◆ Data supplied
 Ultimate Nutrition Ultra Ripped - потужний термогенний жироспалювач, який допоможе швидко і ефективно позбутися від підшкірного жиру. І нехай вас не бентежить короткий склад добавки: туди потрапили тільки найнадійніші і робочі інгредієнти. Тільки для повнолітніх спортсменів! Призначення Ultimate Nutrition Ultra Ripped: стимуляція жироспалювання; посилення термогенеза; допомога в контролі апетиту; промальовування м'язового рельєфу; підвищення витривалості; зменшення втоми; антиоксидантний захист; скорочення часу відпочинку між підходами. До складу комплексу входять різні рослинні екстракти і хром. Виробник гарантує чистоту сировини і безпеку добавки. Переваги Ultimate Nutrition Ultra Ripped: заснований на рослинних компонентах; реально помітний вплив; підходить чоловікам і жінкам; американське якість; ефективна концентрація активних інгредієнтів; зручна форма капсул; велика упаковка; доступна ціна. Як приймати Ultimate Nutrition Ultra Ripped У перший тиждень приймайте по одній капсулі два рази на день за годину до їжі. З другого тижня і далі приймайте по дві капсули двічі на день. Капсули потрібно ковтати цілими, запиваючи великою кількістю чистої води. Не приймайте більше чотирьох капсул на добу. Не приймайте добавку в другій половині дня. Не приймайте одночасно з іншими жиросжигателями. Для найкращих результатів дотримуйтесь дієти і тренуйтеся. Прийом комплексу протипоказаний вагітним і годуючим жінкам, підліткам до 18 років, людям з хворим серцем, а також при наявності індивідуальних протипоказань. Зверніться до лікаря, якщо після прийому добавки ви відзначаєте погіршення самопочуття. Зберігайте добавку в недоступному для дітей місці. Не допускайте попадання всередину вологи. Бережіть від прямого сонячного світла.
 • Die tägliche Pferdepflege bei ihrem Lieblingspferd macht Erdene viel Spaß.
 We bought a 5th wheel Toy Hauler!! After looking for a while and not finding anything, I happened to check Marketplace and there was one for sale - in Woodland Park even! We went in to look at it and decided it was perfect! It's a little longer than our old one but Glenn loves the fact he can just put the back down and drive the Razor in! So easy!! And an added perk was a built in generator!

* * *

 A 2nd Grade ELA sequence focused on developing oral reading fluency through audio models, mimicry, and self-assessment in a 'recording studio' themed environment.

◆ To do
Using the data above, print exactly the lines from the line that contains "Erdene viel Spaß." through the line that contains "We bought a", with both included.

◆ Written response
 • Die tägliche Pferdepflege bei ihrem Lieblingspferd macht Erdene viel Spaß.
 We bought a 5th wheel Toy Hauler!! After looking for a while and not finding anything, I happened to check Marketplace and there was one for sale - in Woodland Park even! We went in to look at it and decided it was perfect! It's a little longer than our old one but Glenn loves the fact he can just put the back down and drive the Razor in! So easy!! And an added perk was a built in generator!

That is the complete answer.